**TRY IT:** Retype all of the data word for word, without pictures.

**RAW DATA:**
== Segment start ==

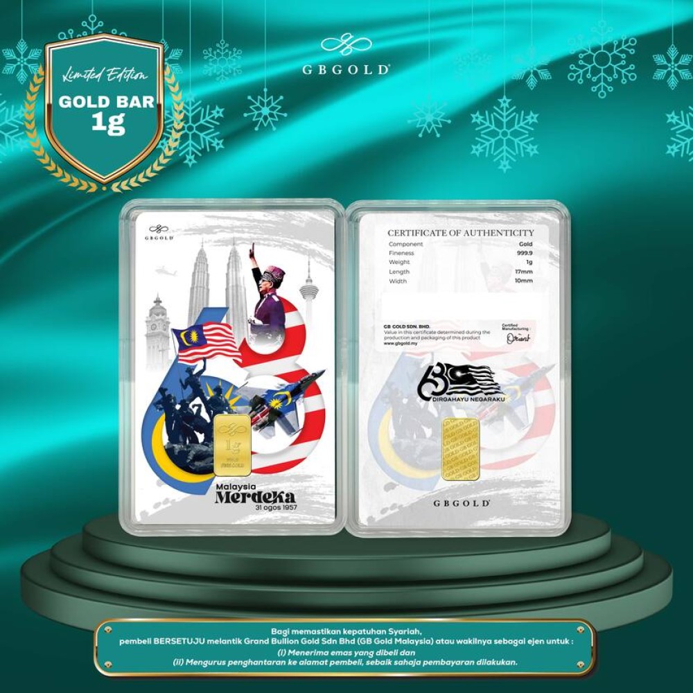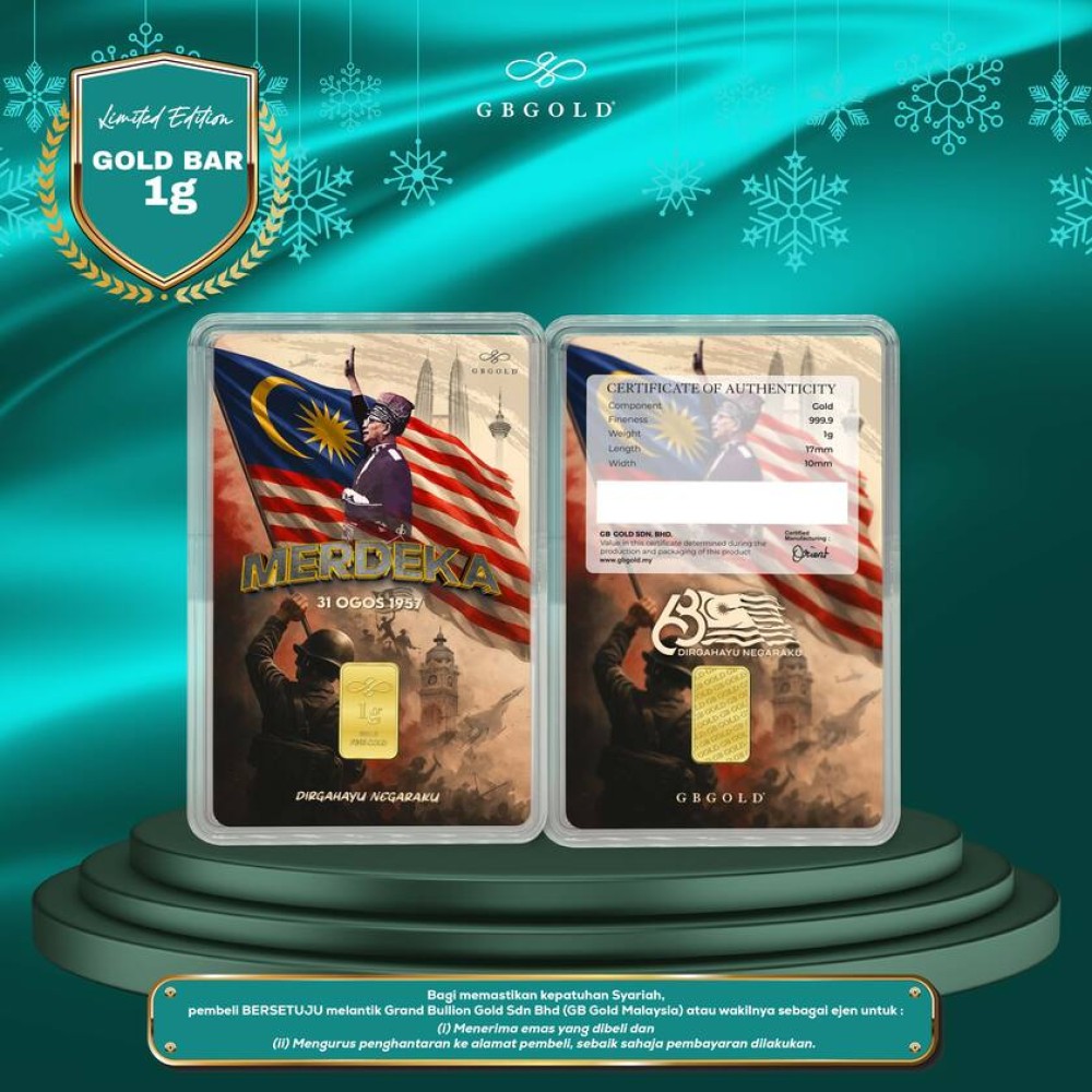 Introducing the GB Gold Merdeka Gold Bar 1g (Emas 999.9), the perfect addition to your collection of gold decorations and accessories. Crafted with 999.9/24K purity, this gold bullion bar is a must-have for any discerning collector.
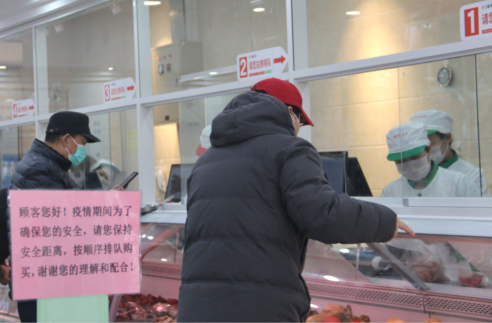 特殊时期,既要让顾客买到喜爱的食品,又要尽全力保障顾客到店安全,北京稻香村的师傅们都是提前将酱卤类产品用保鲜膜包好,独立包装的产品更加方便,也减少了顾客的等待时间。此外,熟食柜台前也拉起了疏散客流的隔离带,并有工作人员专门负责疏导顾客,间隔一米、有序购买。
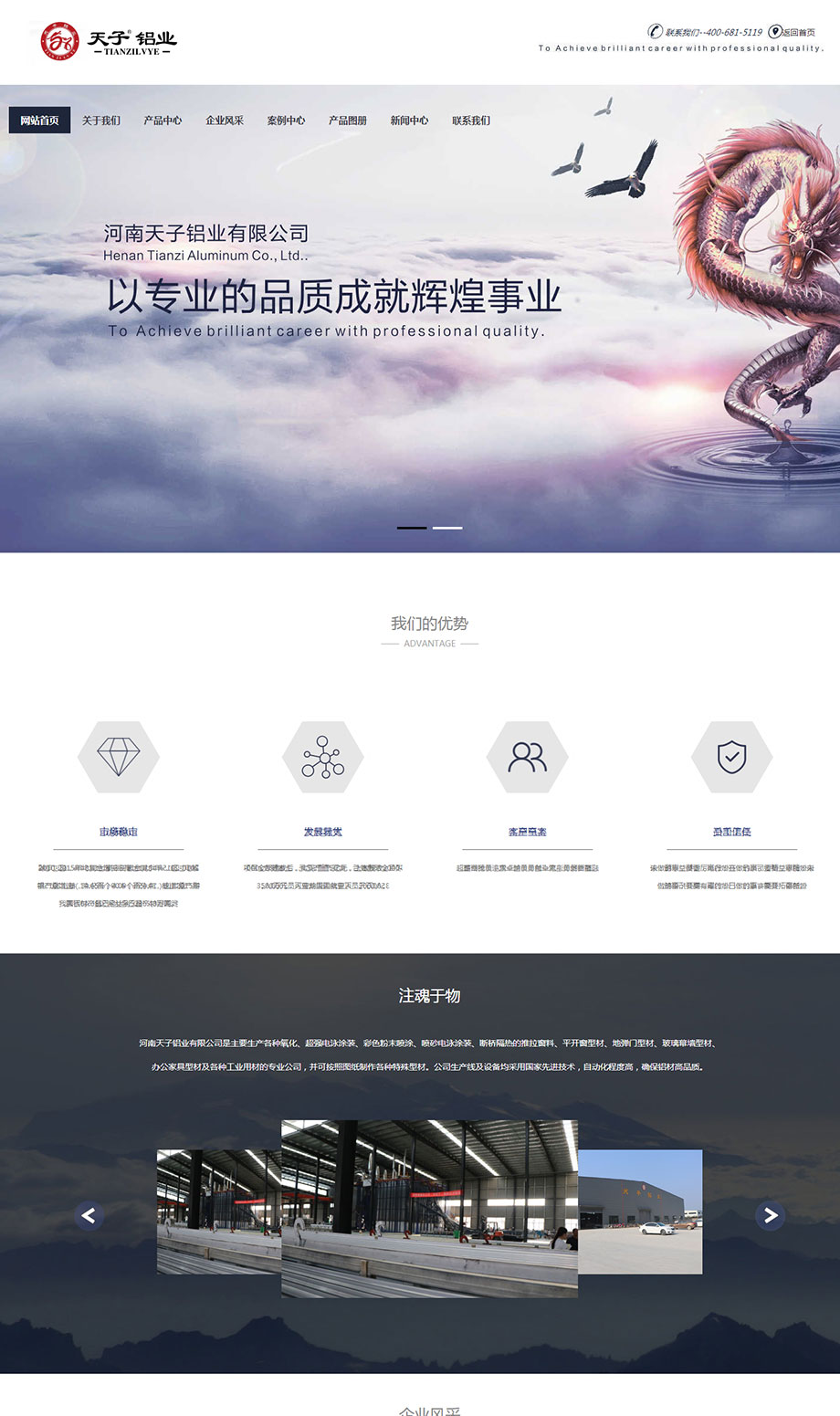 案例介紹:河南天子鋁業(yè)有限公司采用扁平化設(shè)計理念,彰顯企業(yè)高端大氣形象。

== Segment end ==

**ANSWER FOR THIS EXERCISE:**
 Introducing the GB Gold Merdeka Gold Bar 1g (Emas 999.9), the perfect addition to your collection of gold decorations and accessories. Crafted with 999.9/24K purity, this gold bullion bar is a must-have for any discerning collector.
 特殊时期,既要让顾客买到喜爱的食品,又要尽全力保障顾客到店安全,北京稻香村的师傅们都是提前将酱卤类产品用保鲜膜包好,独立包装的产品更加方便,也减少了顾客的等待时间。此外,熟食柜台前也拉起了疏散客流的隔离带,并有工作人员专门负责疏导顾客,间隔一米、有序购买。
 案例介紹:河南天子鋁業(yè)有限公司采用扁平化設(shè)計理念,彰顯企業(yè)高端大氣形象。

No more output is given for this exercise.